Introduction to SIWA

When data is presented in a web page, the user might want to use this data by copying and pasting it as input into another website or web service like Google Search, which is commonly available for many platforms when text is copied into the copy and paste buffer. The user might also want the response to be integrated automatically with the original presented data, for example an abstract replaced by its translation. When users need such functionality frequently, it would be convenient to have that functionality available automatically as a link added to the field that serves as input for the service providing that functionality. Preferably that should work for all the web sites that the user often visits. There may be services that an advanced user wants to use for doing something with the data, while the content provider isn't aware of those services or how they have to be invoked. Suppose a researcher wants to analyze abstracts from a specific website with a named entity recognition service (NER), and he wants to use the output of that service as input into an annotation service. Our aim is that this researcher can integrate those services immediately with the website without having to install software, just by telling the originating web site in an appropriate description language: "for the abstract field I want to have a link to invoke the NER service with URL X and I want to use the result of that service as input for the annotation service with URL Y".

If this approach works for one website, users may want to use it for other websites and if it works for one user, more users might be interested. That is where SIWA as a proposed standard for a description language comes in. The SIWA model allows specifying the service to be invoked, the fields that serve as input, how to construct the input from the presented data, how the output is used, etc. By supporting SIWA content providers can have their website extended with specific functionalities by advanced users, without having the burden of new software releases, without extra system load and without security risks on the provider's site, just by providing extra links to external services. Additionally, providers can use SIWA as a configuration language for their own use. The SIWA concept is illustrated in Figure 1. More advanced examples are shown here.

Illustration of Concept

Figure 1: Simplified illustration of the SIWA concept: a) the original presentation. b) A SIWA record specifying that the "author" field should trigger links to Google images and Wikipedia, the URLs of both services and for Google images that the value of the author field should go into URL-parameter "q". c) The presentation after interpreting the SIWA record. The service links are supposed to be shown only after clicking "»".

It is nowadays quite common to provide links for sharing information with Twitter and Facebook without the user having been asked for these links. Why not give the user the option to add his own links? Why try to find out what users want instead of giving them the freedom to decide for themselves what to do? Why offer links to things that perhaps are not used instead of allowing users to add personal context-sensitive links that they want to use more often?

Like any standard, a critical mass of implementations and a very low entry barrier is required before skilled users start creating service integration descriptions. When SIWA is adopted by enough content providers it is expected that service integration descriptions will become available in registries or via Google.
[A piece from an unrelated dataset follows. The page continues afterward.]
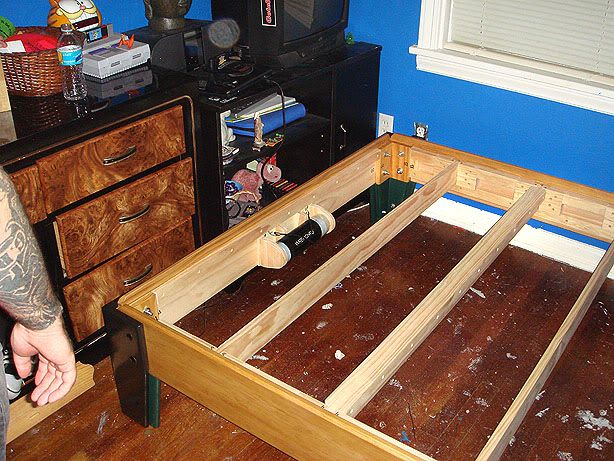 Each "T" shaped crossmember end fits into a corresponding "T" shaped socket in the bed rail (see next photo).
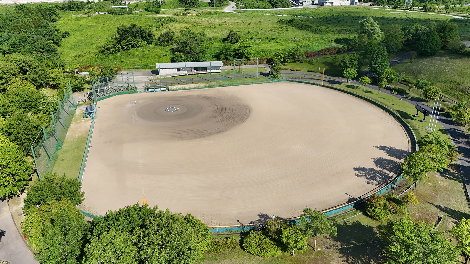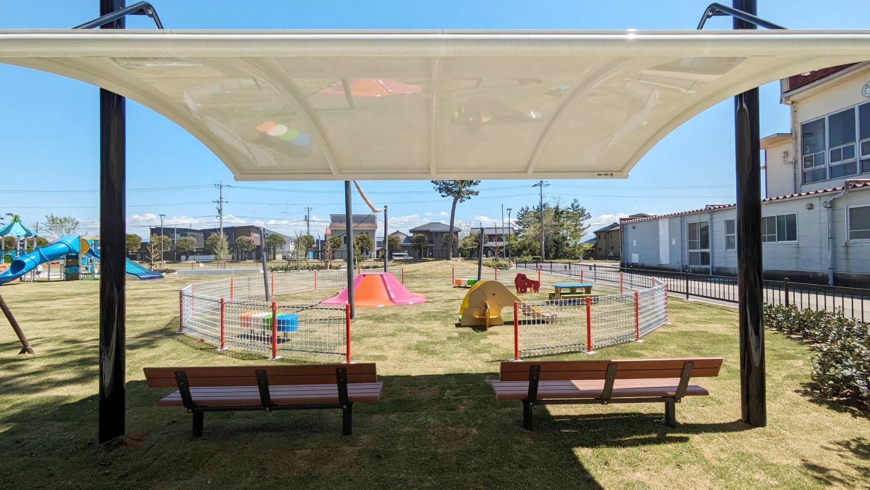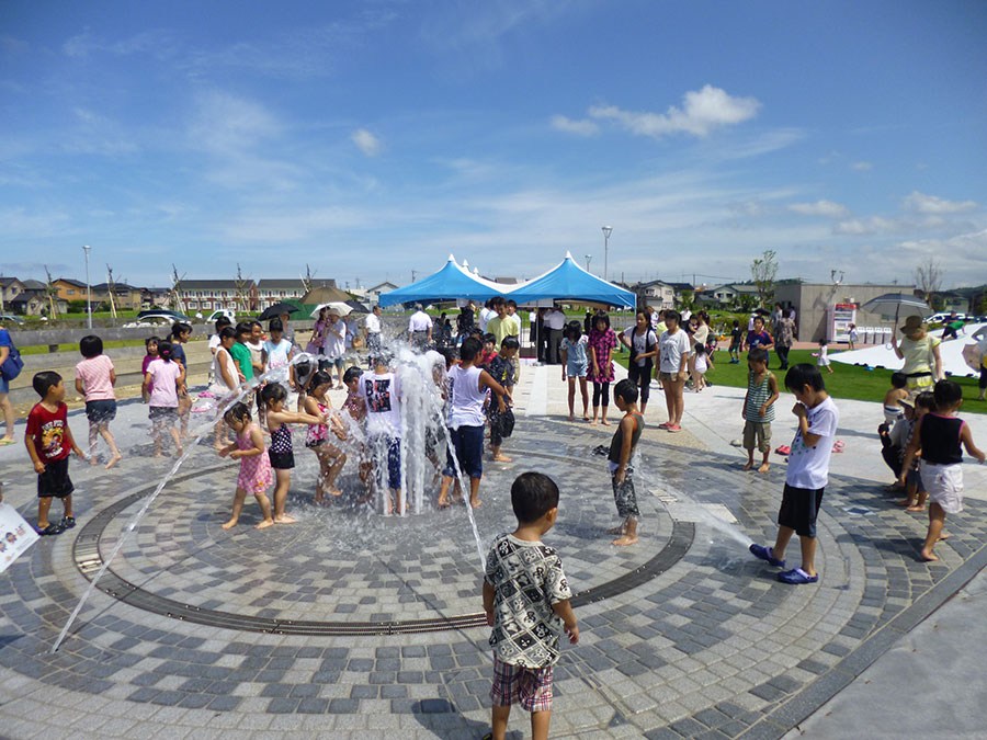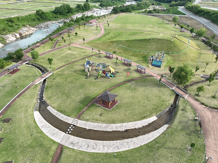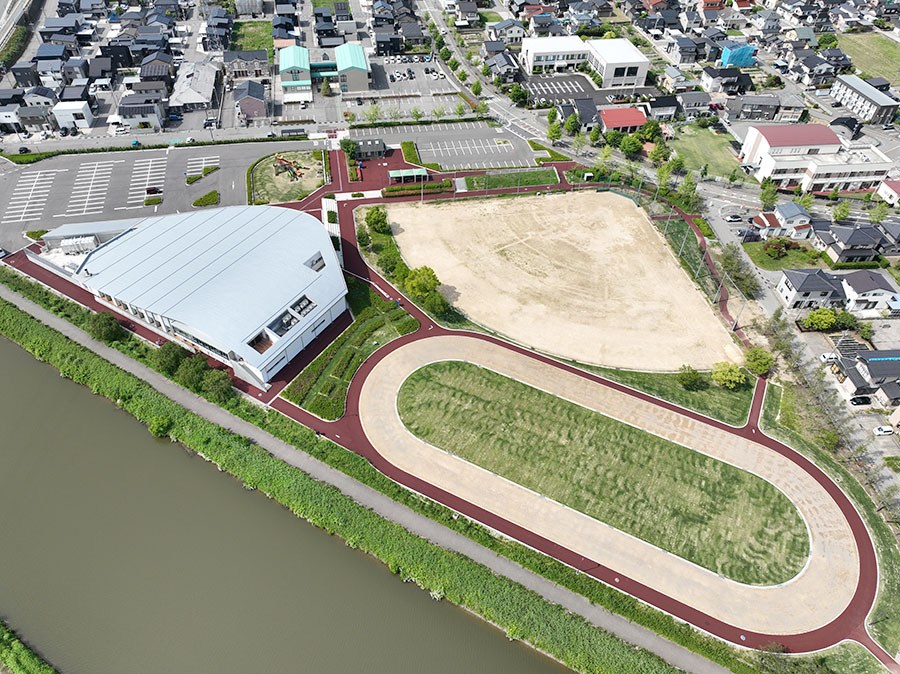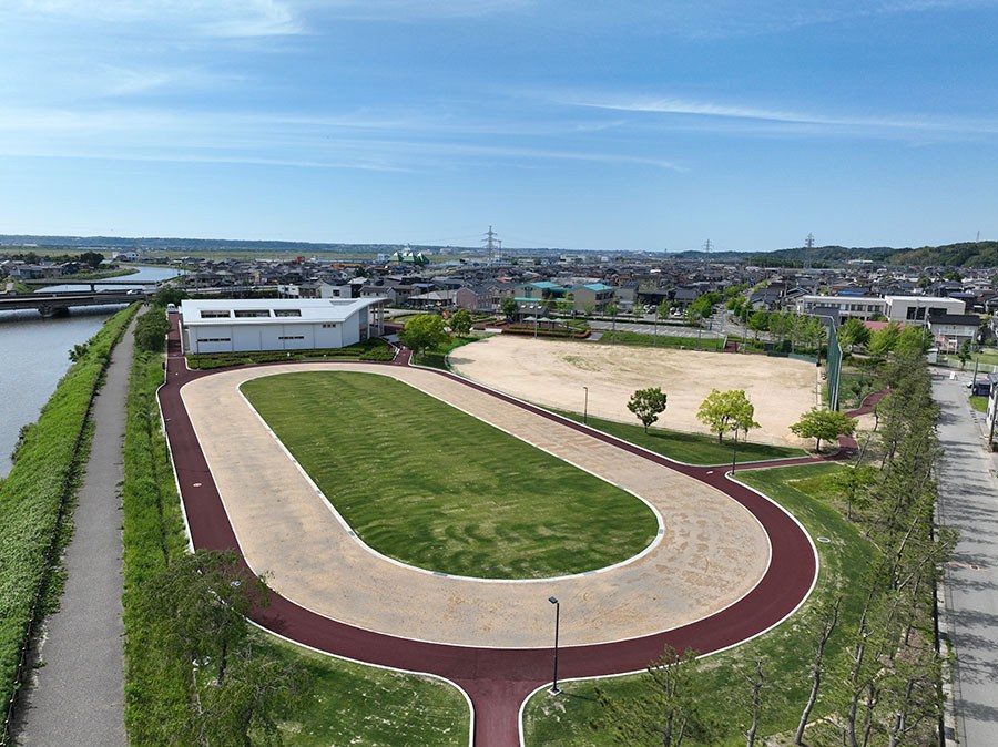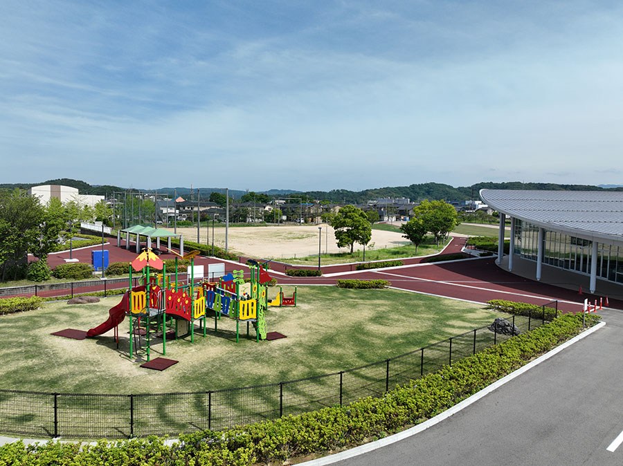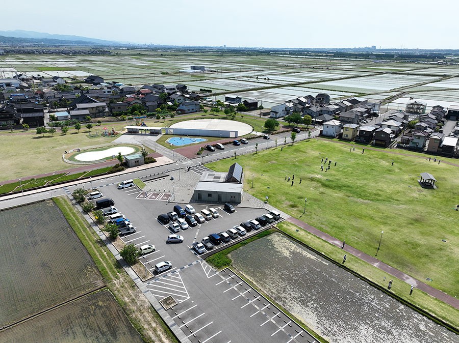 面積4.3haの防災公園として平成28年に開設しました。 県内最大級のふわふわドーム、噴水広場、グラウンドゴルフ場、多目的広場、防災備蓄倉庫などが整備されています。 測量、土質調査、軟弱地盤解析、地元まちづくり委員会との調整、許認可(農振解除・雨水排水等)、施設設計、建築設備設計まで一貫して業務に携わりました。

This article explains the potential and benefits of SIWA in relation to the effort required to implement it.

 

History and background

The idea behind creating a schema for service integration descriptions is not new1. Even earlier, when developing a metadata model for The European Library, the idea was that metadata had to serve functions which could be illustrated by means of a functionality matrix with metadata elements on one axis and functions on the other axis. Metadata fields serve functionality that is realized by services and can be considered as a potential trigger for the portal to initiate them. How the portal has to deal with these services, like how and when to invoke and how to use the output, has to be described in a machine readable way. Because different users may require different functionality or services, the idea came up to let users compose the set of services they want and also give them the possibility to introduce their own preferred services.

The original schema for service integration was developed in the TELplus project and later refined in the EuropeanaConnect project, resulting in SIWA and intended to be used in the Europeana portal. SIWA was supposed to enable the description of all aspects of service integration for quite a number of different services with different behavior. It is different from models like Web Application Description Language (WADL) and Web Services Description Language (WSDL) which actually focus on the description of web services rather than the semantic integration and the actual usage. SIWA also differs from Web Service Business Process Execution Language (WS-BPEL) and Yahoo pipes because of its focus on integration in the client rather than at the server level.

The SIWA approach was not given much publicity. The schema had become quite complex because it was intended to deal with many specific situations. In the Europeana portal, service integration was implemented in its most simple form, without context dependent links and without the user being able to specify his own services, which was the most important motivation for SIWA. Recently it was taken out of the portal. A more complete and advanced implementation was available in the KB research environment but not in a production environment. It did not attract website developers because the implementation barrier seemed to be high. However, each time the concept was demonstrated with this research implementation the reactions were positive and enthusiastic.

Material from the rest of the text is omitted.